Близость с Витбергом была мне большим облегчением в Вятке. Серьезная ясность и некоторая торжественность в манерах придавали ему что-то духовное. Он был очень чистых нравов и вообще скорее склонялся к аскетизму, чем к наслаждениям; но его строгость ничего не отнимала от роскоши и богатства его артистической натуры. Он умел своему мистицизму придавать такую пластичность и такой изящный колорит, что возражение замирало на губах, жаль было анализировать, разлагать мерцающие образы и туманные картины его фантазии.
Мистицизм Витберга лежал долею в его скандинавской крови; это та самая холодно обдуманная мечтательность, которую мы видим в Шведенборге, похожая в свою очередь на огненное отражение солнечных лучей, падающих на ледяные горы и снега Норвегии.
Влияние Витберга поколебало меня. Но реальная натура моя взяла все-таки верх. Мне не суждено было подниматься на третье небо, я родился совершенно земным человеком.

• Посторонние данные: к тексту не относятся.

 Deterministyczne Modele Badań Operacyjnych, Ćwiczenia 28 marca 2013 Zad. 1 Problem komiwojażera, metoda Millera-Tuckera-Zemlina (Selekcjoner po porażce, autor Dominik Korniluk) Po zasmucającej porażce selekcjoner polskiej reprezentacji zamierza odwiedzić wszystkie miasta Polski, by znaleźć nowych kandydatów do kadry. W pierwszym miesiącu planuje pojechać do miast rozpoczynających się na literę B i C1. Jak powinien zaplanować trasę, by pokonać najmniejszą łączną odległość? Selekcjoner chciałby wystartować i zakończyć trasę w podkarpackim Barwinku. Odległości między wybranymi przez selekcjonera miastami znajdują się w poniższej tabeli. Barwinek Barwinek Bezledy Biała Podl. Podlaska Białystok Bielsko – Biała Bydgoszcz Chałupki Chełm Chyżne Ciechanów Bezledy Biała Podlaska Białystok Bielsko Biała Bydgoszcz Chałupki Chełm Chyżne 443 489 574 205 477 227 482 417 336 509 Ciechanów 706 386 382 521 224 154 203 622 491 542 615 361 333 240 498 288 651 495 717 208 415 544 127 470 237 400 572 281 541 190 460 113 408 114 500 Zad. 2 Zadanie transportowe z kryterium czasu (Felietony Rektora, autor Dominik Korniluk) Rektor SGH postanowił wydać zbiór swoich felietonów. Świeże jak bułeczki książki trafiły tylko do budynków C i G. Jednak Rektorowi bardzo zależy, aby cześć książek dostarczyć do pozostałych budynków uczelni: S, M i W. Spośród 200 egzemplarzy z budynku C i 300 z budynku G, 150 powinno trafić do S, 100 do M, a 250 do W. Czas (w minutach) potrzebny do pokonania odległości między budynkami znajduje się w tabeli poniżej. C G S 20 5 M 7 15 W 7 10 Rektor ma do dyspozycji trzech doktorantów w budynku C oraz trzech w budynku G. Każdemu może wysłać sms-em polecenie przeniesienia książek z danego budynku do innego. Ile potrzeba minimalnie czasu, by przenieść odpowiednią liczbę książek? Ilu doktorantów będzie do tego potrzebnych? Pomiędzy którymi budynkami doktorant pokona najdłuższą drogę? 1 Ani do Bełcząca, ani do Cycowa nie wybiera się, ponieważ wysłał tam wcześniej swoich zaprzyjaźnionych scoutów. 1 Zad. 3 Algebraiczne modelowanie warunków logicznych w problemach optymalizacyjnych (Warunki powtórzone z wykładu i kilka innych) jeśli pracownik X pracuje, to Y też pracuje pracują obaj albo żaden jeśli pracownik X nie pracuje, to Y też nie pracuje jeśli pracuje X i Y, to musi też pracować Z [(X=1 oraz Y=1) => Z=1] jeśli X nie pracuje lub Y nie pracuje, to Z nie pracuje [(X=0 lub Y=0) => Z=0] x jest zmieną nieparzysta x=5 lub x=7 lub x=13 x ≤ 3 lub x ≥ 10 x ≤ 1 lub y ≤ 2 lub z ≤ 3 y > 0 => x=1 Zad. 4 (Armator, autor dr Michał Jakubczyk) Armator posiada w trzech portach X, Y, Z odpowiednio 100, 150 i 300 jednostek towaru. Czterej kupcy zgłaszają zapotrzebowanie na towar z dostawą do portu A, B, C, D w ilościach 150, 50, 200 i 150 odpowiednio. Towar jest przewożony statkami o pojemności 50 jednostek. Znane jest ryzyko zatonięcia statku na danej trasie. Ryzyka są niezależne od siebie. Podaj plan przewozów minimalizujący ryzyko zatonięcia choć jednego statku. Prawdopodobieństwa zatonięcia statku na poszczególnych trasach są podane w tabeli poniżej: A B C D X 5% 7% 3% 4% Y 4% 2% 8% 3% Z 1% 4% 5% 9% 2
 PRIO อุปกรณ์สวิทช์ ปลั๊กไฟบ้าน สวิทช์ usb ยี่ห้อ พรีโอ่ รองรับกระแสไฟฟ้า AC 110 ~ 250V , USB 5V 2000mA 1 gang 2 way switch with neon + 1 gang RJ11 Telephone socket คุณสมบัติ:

От моих рук не вертятся столы и от моего взгляда не качаются кольца. Дневной свет мысли мне роднее лунного освещения фантазии.

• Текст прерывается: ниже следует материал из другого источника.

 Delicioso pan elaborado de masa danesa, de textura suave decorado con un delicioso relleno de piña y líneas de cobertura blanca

Но именно в ту эпоху, когда я жил с Витбергом, я более, чем когда-нибудь, был расположен к мистицизму.
Разлука, ссылка, религиозная экзальтация писем, получаемых мною-, любовь, сильнее и сильнее обнимавшая всю душу, и вместе гнетущее чувство раскаяния, все это помогало Витбергу.
И еще года два после я был под влиянием идей мистически-социальных, взятых из евангелия и Жан-Жака, на манер французских мыслителей вроде Пьера Леру.

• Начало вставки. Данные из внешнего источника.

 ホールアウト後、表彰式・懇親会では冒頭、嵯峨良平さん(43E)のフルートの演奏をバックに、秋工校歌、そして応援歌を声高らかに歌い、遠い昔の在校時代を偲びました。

Огарев еще прежде меня окунулся в мистические волны. В 1833 он начинал писать текст для Гебелевой [Гебель - известный композитор того времени. (Прим. автора.)] оратории "Потерянный рай". "В идее потерянного рая,- писал мне Огарев, - заключается вся история человечества!" Стало быть, в то время и он отыскиваемый рай идеала принимал за утраченный.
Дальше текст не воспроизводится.